Harta Pribadi Dikorbankan Pria Ini Demi Membangun Energi Listrik di Desanya yang Terpencil
Dusun Kawerewere, Rejeki, Kecamatan Palolo, Kabupaten Sigi, Sulawesi Tengah, yang awalnya gelap gulita, kini terang benderang berkat Sudirman, 41.
Editor: Agung Budi Santoso
TRIBUNNEWS.COM - Pada Maret 2003, Sudirman (41) sudah siap membangun rumah permanen. Sebanyak 50 zak semen sudah diangkut dengan susah payah menggunakan sepeda motor ke Dusun Kawerewere, Rejeki, Kecamatan Palolo, Kabupaten Sigi, Sulawesi Tengah. Namun, di tengah jalan, ia berubah pikiran. Pikirannya seakan tersirap oleh cita-citanya untuk membangun sumber energi.
Akhirnya, alih-alih semen tersebut dipakai untuk membangun rumah, Sudirman malah menggunakan semen itu untuk ”membangun” Sungai Meno yang lokasinya tak jauh dari rumahnya.
”Saya pakai semen itu untuk membuat alur air dan bak penampung air dari aliran sungai tersebut. Saya mau bangun PLTM (pembangkit listrik tenaga mikrohidro),” ujar Sudirman di lokasi PLTM miliknya di Dusun Kawerewere, Minggu (14/12).

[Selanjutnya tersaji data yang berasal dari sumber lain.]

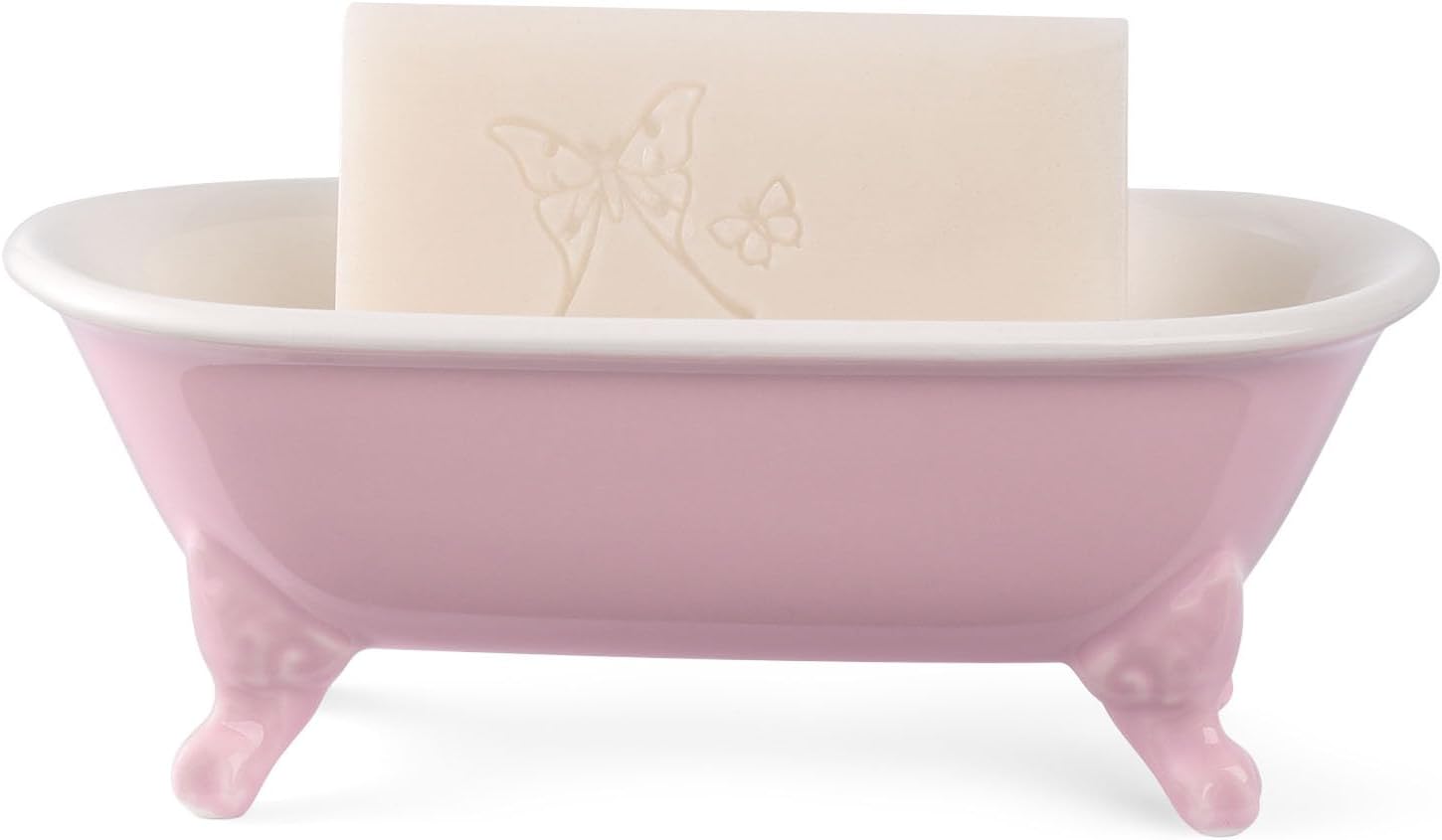 - Style: This ceramic soap dish is inspired by a vintage claw-foot bathtub and features a distressed white modern finish with two tone colors. this soap dish will fit perfectly in any bathroom sink or kitchen countertop.
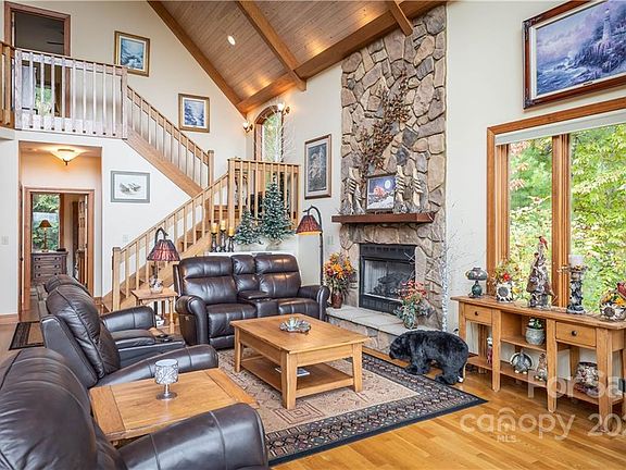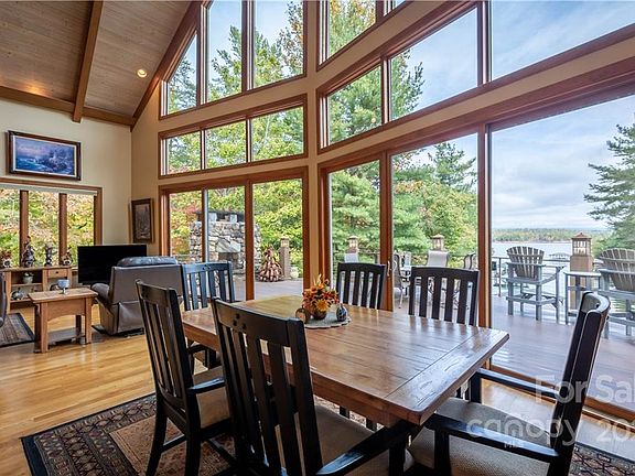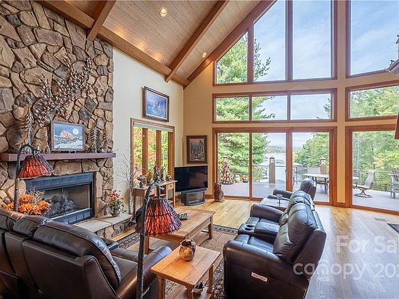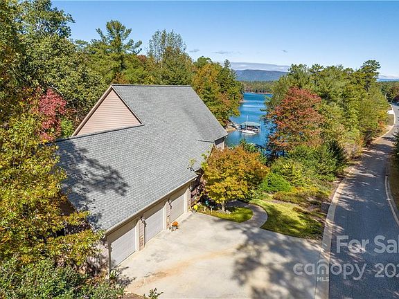 Exquisite Lake James custom home, premier waterfront location designed with lake life in mind. Home features two story great room with wall of windows looking out at the lake, stone fireplace, custom kitchen, master suite with gas fireplace and bath with heated floors. Expansive deck overlooking lake and mountains. Upper level has two bedrooms, bath with heated floors and cozy office nook overlooking great room and lake. Lower level has family room, second kitchen, bath with heated floors, stone fireplace, pool table, custom bunk room. Walk-out to covered patio, with two story stone fireplace, and stone walkway to fire pit and easy walk to the shoreline. Private covered boat dock, with hydrohoist lift and jet-ski dock, Enjoy swimming and paddle boarding in the quiet cove off main channel. This home has a three car garage, plenty of space for all of your lake toys, is on 1.45 acres and has 270 ft of shoreline. Mallard Cove is a small gated community on the east side of Lake James.

Ketika mulai merealisasikan rencananya tersebut, pria kelahiran 10 Juni 1973 ini berkeyakinan kuat, apa yang dilakukannya tidak akan sia-sia. Ia ingin rumah dan kampungnya diterangi lampu.
”Saya berusaha meyakinkan orangtua dan istri saya yang mengecap saya bodoh karena menggunakan semen pribadi untuk sesuatu yang tidak jelas hasilnya nanti. Mulai saat itu, hari-hari saya habiskan di Sungai Meno. Saya mengerjakan sebuah pertaruhan,” tutur peraih Penghargaan Energi Prakarsa 2013 dari Kementerian Energi dan Sumber Daya Mineral itu.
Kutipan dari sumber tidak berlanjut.